This Week In Infra Engineering

Will did a deep dive into I/O scheduling in our LHR clusters, after Tigris nudged us about performance/reliability issues in their FoundationDB cluster running in that region. Using metrics, system configuration, and statekeeping data, Will isolated Tigris’s workloads to a concentrated cluster of SSDs with a particular make/model, which we now know to have an iffy performance envelope for the kinds of work we do. The bigger problem wasn’t so much the drives as it was the scheduling we did: because Tigris created their series of volumes for this region in rapid succession, they all got scheduled on a small subset of our storage capacity in the region. Worse, a consequence of our scheduling algorithm was that the periodic snapshot backups of these volumes were all scheduled to fire in tandem, concentrating a large amount of I/O activity on a small number of drives (the graph of what was happening looked like a stable EKG). Scheduling improvements are a theme of the infra work that we’re doing right now, but this issue in particular surfaced an unexpected (and straightforward to fix) issue: we needed to be adding jitter to the timing of our backup jobs.

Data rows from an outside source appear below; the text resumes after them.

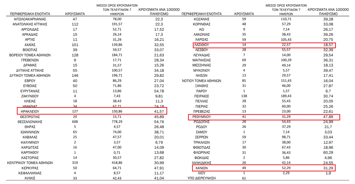 Σύμφωνα με τα στοιχεία της ημερήσιας έκθεσης επιδημιολογικής επιτήρησης τα κρούσματα στην Κρήτη κατανέμονται ως εξής: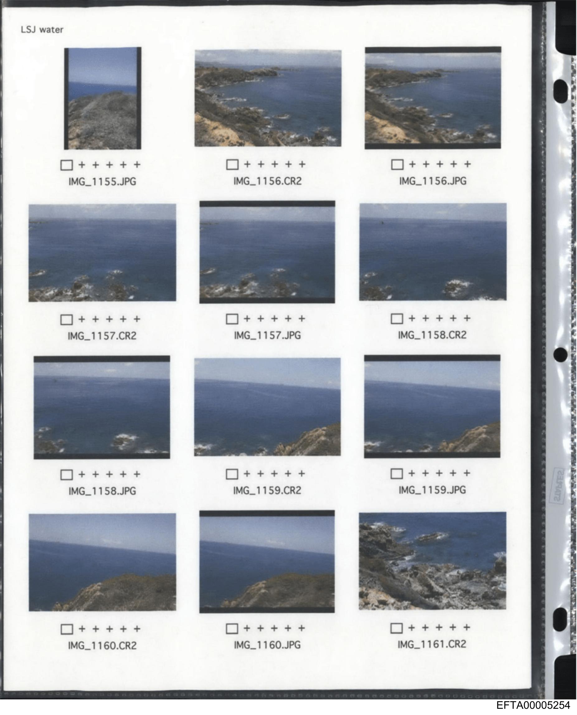 The image shows a collection of small photographs attached to a white paper strip, similar to what one might find in an album or exhibit. Each photo depicts the same scene, which appears to be an aerial view of a coastline with rocks and vegetation leading down to the water's edge. The ocean is visible in all photos, suggesting different moments captured at the same location. There are also numbers and letters printed on each photo border, but without additional context, their significance isn't clear from the image alone.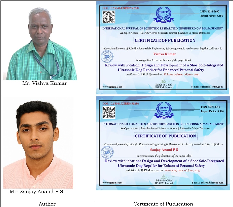 Mr. Vishva Kumar, Senior Faculty Gr-II, School of Footwear Design & Production (FDP) at FDDI, Chennai Campus and Mr. Sanjay Anand P S, an undergraduate student, have co-authored a groundbreaking research paper titled "Review with Ideation: Design and Development of a Shoe Sole-Integrated Ultrasonic Dog Repeller for Enhanced Personal Safety."

Ben is hip-deep in a fleetwide upgrade of our worker OS distributions. This is a tricky and annoying problem. Most of what runs on a worker physical for us is software we build and ship ourselves, in some cases several times a week. Beyond that, we have an established runbook for upgrading our OS kernels; we don’t run the distro-version-native kernel version anywhere (we have fussy eBPF dependencies, among other things). But the distro itself, which in particular sticks us with a specific version of systemd, is a gigantic pain to upgrade; we have consistent OS kernels across the fleet, but not consistent distro versions. That’s changing, but it’s a complicated process, involving workload migrations and, in some cases, reprovisioning servers, which surfaces fun bugs like “the semi-random identifiers we create for Fly Machines are influenced by the provenance of the worker physical on which it was created, meaning a reprovisioned host can cause Machine ID collisions”. That bug hasn’t happened, because Ben is auditing the stack for problems like that.

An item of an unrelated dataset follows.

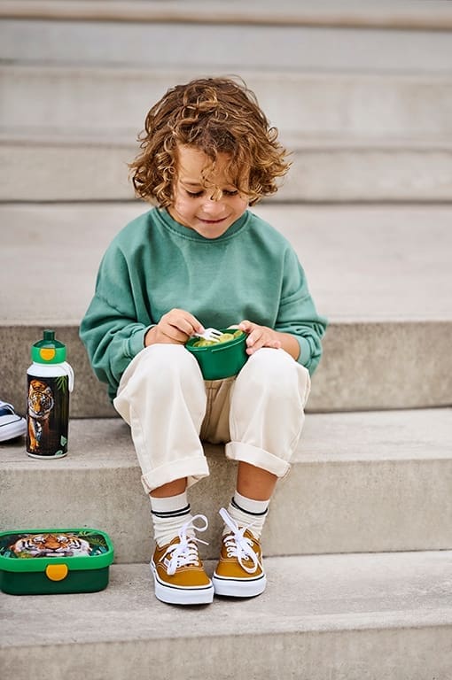 I frugtkassen med dit barns yndlingsprint bliver det en leg at tage grøntsager og frugt med sig. Lækagesikker og nem at åbne for børnenes hænder. Kassen kan placeres i mikrobølgeovnen uden låg. Den aftagelige gaffel sikrer, at børn kan nyde den uden rod. Med frugtkassen kan du fuldende dit barns madpakkesæt.

Dusty has been the capacity czar for the past couple months. As you can see from this week’s BOS outage, this is an important issue for us. We’ve integrated our scheduler state with system metrics and used that to create new capacity threshold numbers for the fleet, which now informs our provisioning; a lot of the guesswork has been taken out of where we’re shipping and racking new servers. We’ve shifted some capacity (ORD gave some servers to EWR, for instance), and reallocated a backlog of servers to different regions. We now have a runbook for provisioning new capacity in existing regions that uses a lightweight version of our machine migration (for apps without storage) to rebalance as capacity is added.

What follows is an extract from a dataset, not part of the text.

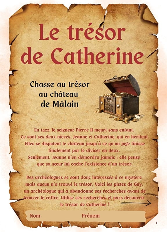 Munis de votre carnet de bord, partez à la recherche du trésor que se disputent Jeanne et Catherine, les deux sœurs ennemies ayant hérité du château...
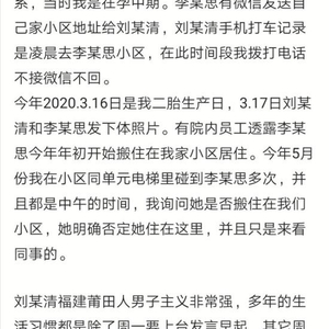 王女士说,从去年下半年开始,她就发现丈夫与同医院治疗室组长李女士疑似存在不正当男女关系,“当时我是在孕中期,(李)有微信发送自己家小区地址给(刘),他的手机打车记录是凌晨去李所在的小区,这个时间段我打电话不接,微信不回。”

JP has been working on improving Fly Machine scheduling across the fleet, which was also implicated in an incident this week. We now have stricter placement logic that ensures multiple Fly Machines for the same app created concurrently are distributed across worker physicals. Our Machines API now handles some of the retry logic that our CLI, flyctl, was using before; unlike flyctl, which is open-source and doesn’t have APIs that can specifically place a Fly Machine on a specific worker physical, our API gateways do have visiblity into the physicals in a region, and we now take advantage of that.